Residents got a chance to weigh in on a controversial rezoning plan for East New York at a community board meeting Monday night. NY1's Lindsey Christ filed the following report.

It was standing-room only as local residents, elected officials and activists packed a community board meeting in East New York to hear city officials present the latest draft of their rezoning proposal for the neighborhood.

"We know we need to invest in infrastructure to ensure that this is a livable, vibrant community," said one speaker at the meeting.

It's one piece of Mayor Bill de Blasio's citywide affordable housing plan, which aims to build or preserve 200,000 units of affordable housing in the next decade.

In East New York, city officials say they will build 6,300 new housing units and set aside half at rates local residents can afford.

Some, though, question the city's calculations.

"The area median income in our community is about $34,000, and if you look at this plan, it's designed for a community of people who are at $84,000. So we're at 40 percent of what the city is looking at in terms of saying its affordable," said City Councilwoman Inez Barron of Brooklyn. "So at the outset, we have a big problem."

City officials say the plan also includes space for new businesses and support for existing businesses that want to stay and grow, as well as a job training center and a new school.

Labor leaders want the city to hire local workers for all the construction.

"They need real jobs so they can find, get an opportunity in the very housing that they will be building, that they can eventually live there and not be displaced," said Anthony Williamson of Local 79 Construction and Building Union.

Residents and advocates say that's their biggest fear, that improvements to the neighborhood will spark a gentrification process and squeeze out current residents.

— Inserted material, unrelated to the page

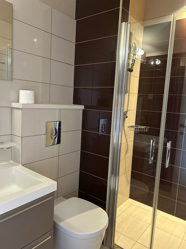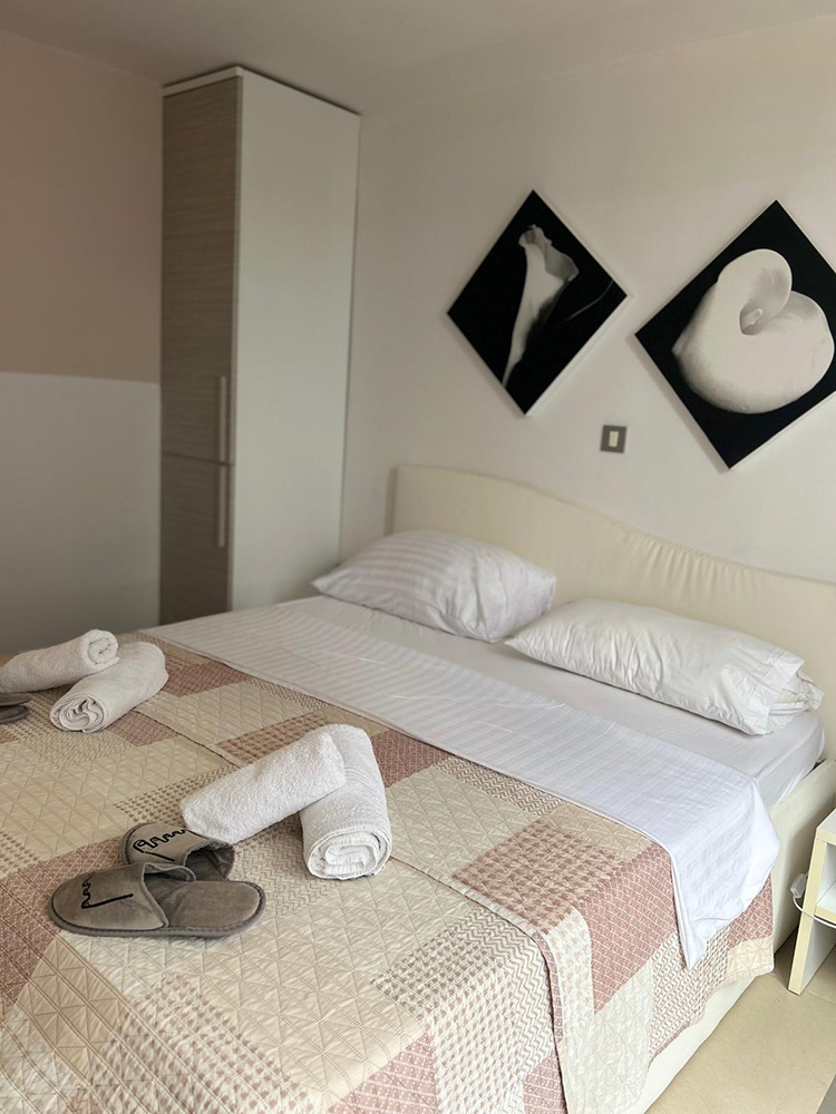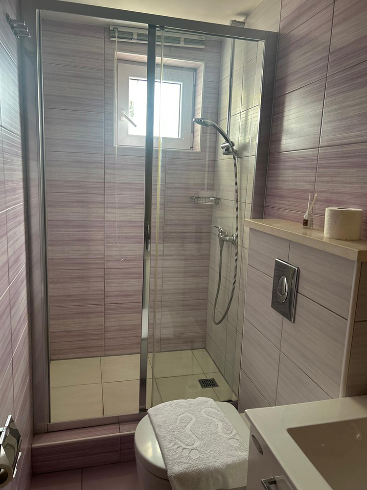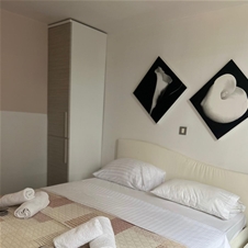 Prostoren apartma v velikosti 75 m², primeren za do 6 oseb. Sestavljata ga dve spalnici – ena z zakonsko posteljo (180 × 200) in druga z dvema ločenima posteljama – ter dve kopalnici in udoben dnevni prostor z raztegljivim kavčem.

"We tend to think a neighborhood gets better because we change who lives there, as opposed to changing the neighborhood for the people who live there now," said the Rev. Edward Mason of Our Lady of Presentation and Our Lady Mercy.

This meeting is just the start of a seven-month formal review process, which will include future hearings by another community board, the Brooklyn borough president, the city planning commission and the City Council. Then, the City Council is expected to vote on the final proposal later this spring.